Question

The area of a triangle is $5sq.unit$. If two vertices of the triangle are $(2,1),(3,-2)$ and the third vertex is $(x,y)$ where $y=x+3$, then find the coordinates of the third vertex.

Answer 1

Given that,

Two vertices of two triangle are $Q(2,1)$ and $R(3,-2)$.

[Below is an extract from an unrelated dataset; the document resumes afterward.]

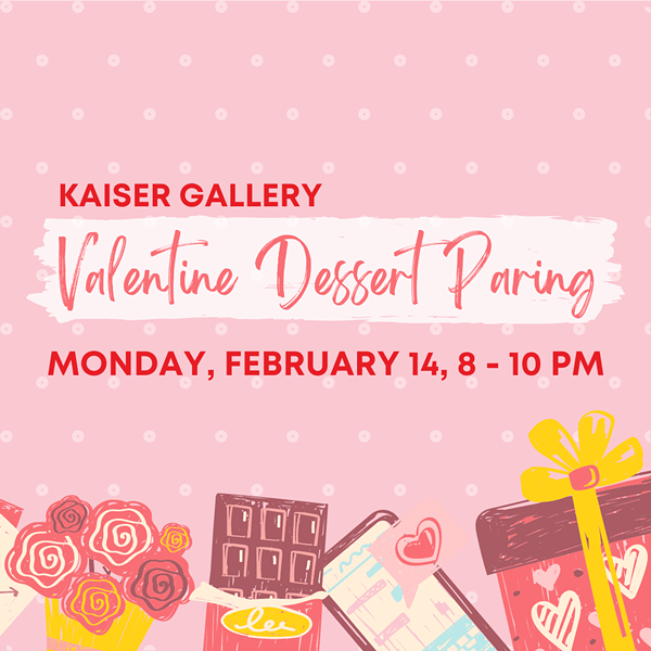 Spend Valentine's with Kaiser Gallery! This February 14, from 8 - 10 pm, bring your Valentine sweetie and enjoy a dessert and cocktail pairing. Select from our Lemon Square and Ginger Negroni (gin, campari, vermouth, muddled ginger, and a touch of ginger juice) for a rich citrus pairing, Profiteroles & Handsome Devil (bourbon, orgeat, amaro nonino with a hint of lemon) for an artisanal chocolate experience, or the Bittersweet Dark Chocolate and the Coco Rosa pairing (rum, creme de cacao, coconut cream and strawberry puree) for a balanced decadent treat. You can also enjoy a flight of all three!
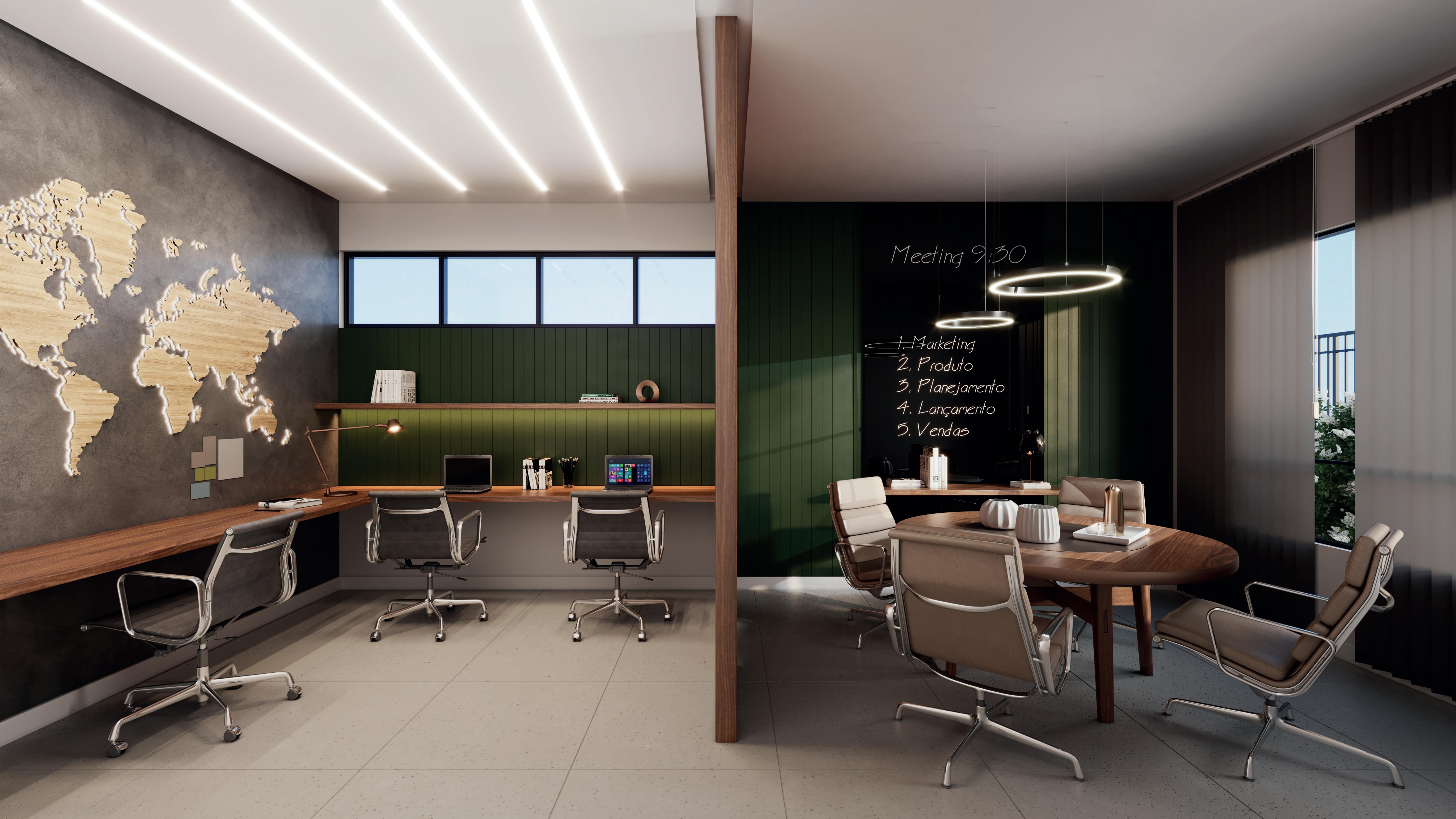 Coworking de 32,69m² com dois ambientes diferentes: Estação de trabalho e Sala de reunião separada

Let the third vertex be $P(x,y)$

Area of $△PQR=5sq.units$

Area of $△PQR=\frac{1}{2}\left[x_1\right(y_2-y_3)+x_2(y_3-y_1)+x_3(y_1-y_2\left)\right]$

$5=\frac{1}{2}\left[x\right(1-(-2))+2(-2-y)+3(y-1\left)\right]$

$10=3x-4-2y+3y-3$

$3x+y-7=10$

$3x+y-17=0.....\left(1\right)$

Given that the equation

$y=x+3.....\left(2\right)$

Put the value of $y$ in equation (1) and (2) we get,

$3x+y-17=0$

$3x+x+3-17=0$

$4x-14=0$

$4x=14$

$x=\frac{14}{4}$

$x=\frac{7}{2}$

Put the value of $x$ in equation (2)

$y=x+3$

$y=\frac{7}{2}+3$

$y=\frac{13}{2}$

Hence, point $P(x,y)=(\frac{7}{2},\frac{13}{2})$ the third vertex.